Although the literature on the effects of aging on the hippocampal and frontostriatal systems is divided (for a review, see Hedden & Gabrieli, 2004), some argue that any meaningful deficit in medial temporal lobe functions might be caused by pathology (as in AD) rather than healthy aging per se (Hedden & Gabrieli, 2005; Raz & Rodrigue, 2006; Rand- Giovanetti et al, 2006). Importantly, the 2-stage theory of cognitive decline in aging (see Gabrieli et al., 1996; Hedden & Gabrieli, 2004, 2005; Rosen et al., 2005) suggests that the frontostriatal system changes first, decreasing dopamine levels and reducing prefrontal volume, and hippocampal dysfunction follows. In this study, we tested groups of healthy older adults (belonging to the comparatively younger ages of 45–60 y through the older ages of 76–90 y) on a concurrent discrimination learning and transfer generalization task(which recruits striatal and medial temporal structures) to examine whether aging has differential effects on learning and generalization.

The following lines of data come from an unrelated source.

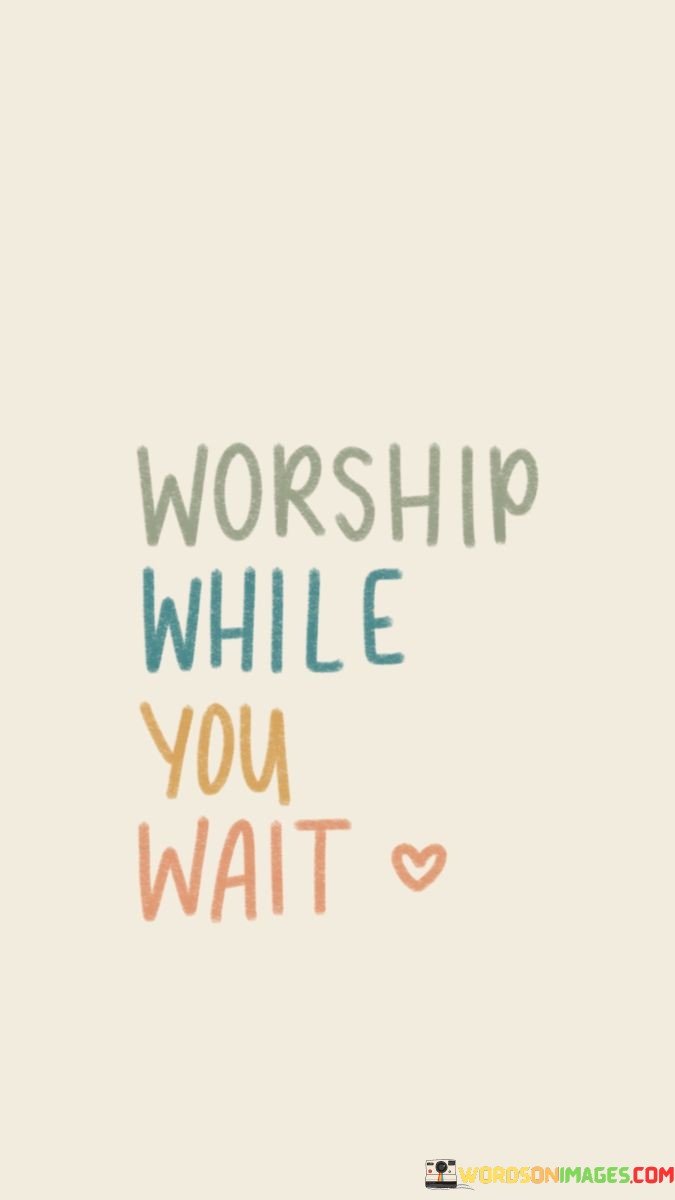 Moreover, "Worship While You Wait" is a call to stay patient and trust the process. It reminds us that life is a journey with many phases, and each phase has its purpose and lessons. By worshipping, in a broader sense, our life's journey, we can find contentment and inner peace, even when we are in the midst of uncertainty or delay. In essence, this quote encourages us to make the most of every moment and find fulfillment in the present, regardless of what lies ahead.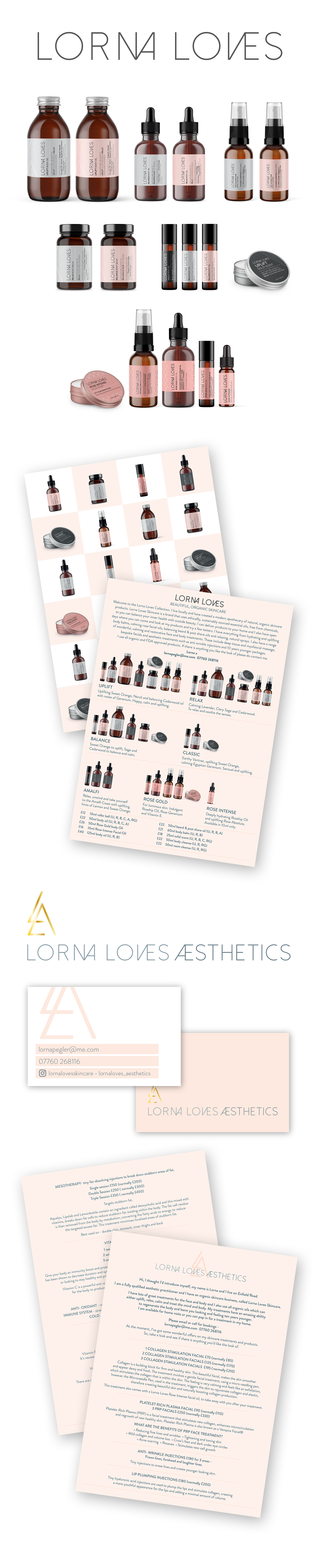Branding, packaging, stationery and promotional literature for Lorna Loves and Lorna Loves Aesthetics.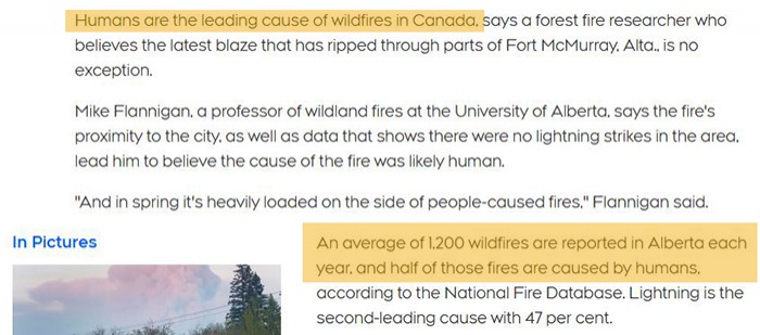 Here's some figures relating to my post that 85%of fires are started by humans: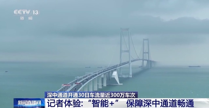 深中通道开通30天以来,车流持续保持高位运行。智能交通系统以及多部门联动,保障着深中通道的安全畅通。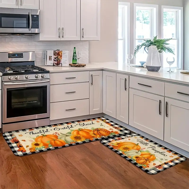 国境を越えた秋のカボチャの床マットキッチンの2つのセットの床マットは汚れに強く、足マットの玄関を管理しやすい
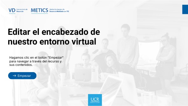 a) Para editar el encabezado, vamos a entrar a nuestro entorno virtual y vamos a activar edición en la esquina superior derecha. Al hacer esto, veremos las opciones para editar los elementos del entorno.

Studying Learning and Generalization in Healthy Aging

Studies have shown that the striatum and the basal ganglia play different roles in learning and generalization. Specifically, the hippocampus and associated medial temporal structures are particularly implicated in learning that supports generalization when familiar stimulus features are recombined at testing (Eichenbaum et al., 1989; Eichenbaum et al., 1994; Myers & Gluck, 1994; Gluck & Myers, 2001). Humans with medial temporal damage are similarly impaired at retrieving studied information when study and test conditions are varied (eg, Schacter, 1985; Myers et al., 2003; Myers et al., 2008a). The striatal areas are also critically implicated in learning. For example, patients with striatal dysfunction caused by Parkinson disease are impaired at discrimination learning (Shohamy et al., 2002). Functional magnetic resonance imaging studies have also suggested that the striatal regions are especially active during learning of stimulus-response associations (Vandenberghe et al., 1999; Poldrack et al., 1999, 2001).

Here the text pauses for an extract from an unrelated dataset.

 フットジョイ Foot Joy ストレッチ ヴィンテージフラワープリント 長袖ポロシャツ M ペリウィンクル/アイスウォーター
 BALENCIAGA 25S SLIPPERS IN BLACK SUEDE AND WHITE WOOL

Some studies have shown an age-related deficit in ability to shift or generalize learning along a previously relevant stimulus dimension, such as shape or color (eg, Coppinger & Nehrke, 1972; Nehrke, 1973; Nehrke&Coppinger, 1971); others have found no age-related deficit in interdimensional shifting (eg, Robbins et al., 1998; Owen et al., 1991; Rabbitt& Lowe, 2000). Most of these studies have considered generalization tasks that involve presenting novel exemplars along a previously relevant dimension, rather than keeping the previously relevant features constant. To avoid the potential confound of introducing novel relevant features, we have developed an 8-pair concurrent visual discrimination task, in which each pair contains 2 objects that differ in 1relevant feature but share 1irrelevant feature.

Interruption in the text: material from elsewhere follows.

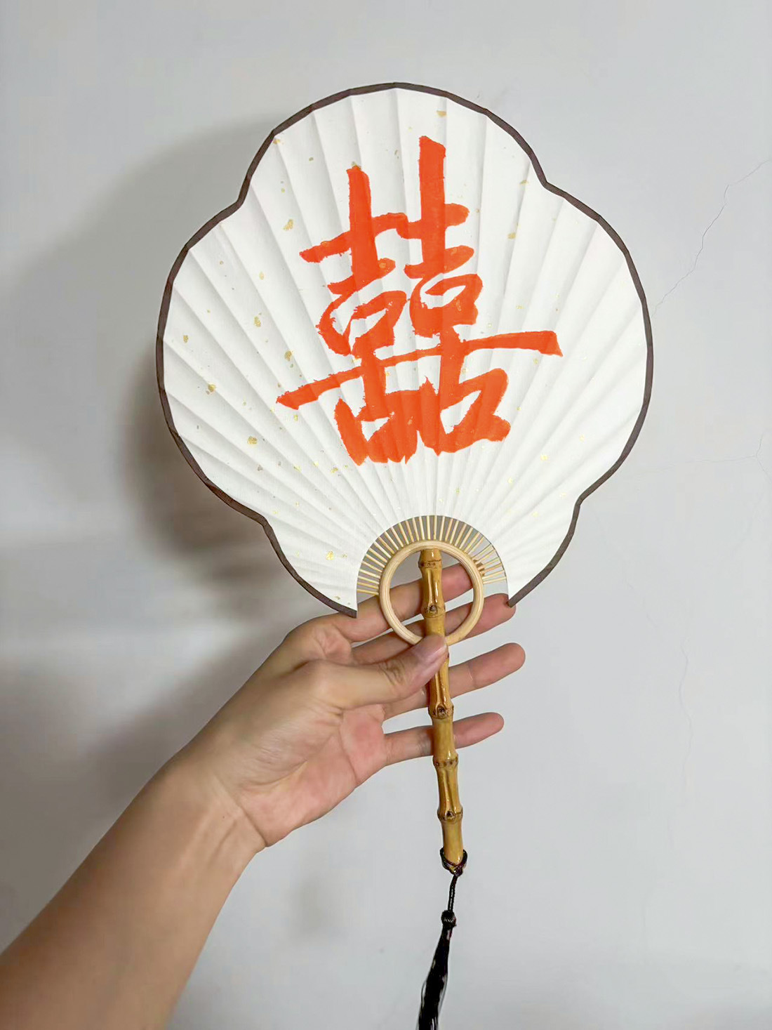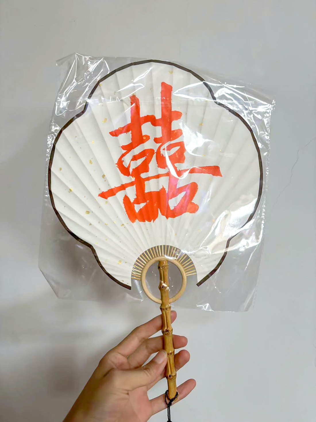 중국 웨딩 웨딩 레드 더블 행복 신부 들러리 핸드 헬드 소품 팬 꽃 웨딩 수제 DIY 손으로 그린 그룹 팬

In a 2002 study, Myers et al studied learning and generalization using the same task in nondemented elderly with or without mild hippocampal atrophy. The presence or absence of hippocampal atrophy did not affect the initial discrimination learning; however, individuals with mild hippocampal atrophy were significantly more impaired than nonatrophied controls on the generalization phase (Myers et al., 2002). By contrast, performance on other memory measures, such as a paragraph recall task, was not impaired in the atrophy group. In a later longitudinal study, Myers et al showed that performance on the generalization test among nondemented elderly was correlated with cognitive status assessed 2 years later; thus, generalization may be a useful predictor of risk for short-term cognitive deficit (Myers et al., 2008b). Consistent with these results, amnesic patients with bilateral hippocampal damage caused by hypoxic brain injury were not impaired at initial learning, but were impaired at transfer generalization (Myers et al., 2008a). Together, these results suggest that the transfer generalization portion of this task depends on hippocampal function.

The same task has also shown sensitivity to frontostriatal function. Specifically, patients with damage to the orbitofrontal cortex showed impairments in the learning phase of the task but performed better in the generalization phase, indicating the role of frontal cortex in learning and the role of intact medial temporal lobe structures in generalization (Chase et al., 2008). Patients with hypoxic brain injury and anterior communicating artery aneurysm rupture as well as various frontal lesions were slow at initial learning, but completed the generalization phase as well as controls. In contrast, the hypoxic patients were normal at initial learning, but impaired at transfer generalization (Myers et al, 2008a).

Learning and generalization were also studied in patients with bipolar disorder or schizophrenia and in first-degree relatives of patients with schizophrenia (Krause et al, 2009). All of these groups showed significant impairment in generalization compared with controls. Unlike the other groups, the schizophrenia group showed difficulty in the learning phase itself. The task has also been found to discriminate learning and generalization deficits in patients with Parkinson disease, tested on and off dopaminergic medication (L-dopa) (Shohamy et al., 2006). Patients tested off L-dopa performed better than patients on L-dopa in the learning phase, but not in the generalization phase.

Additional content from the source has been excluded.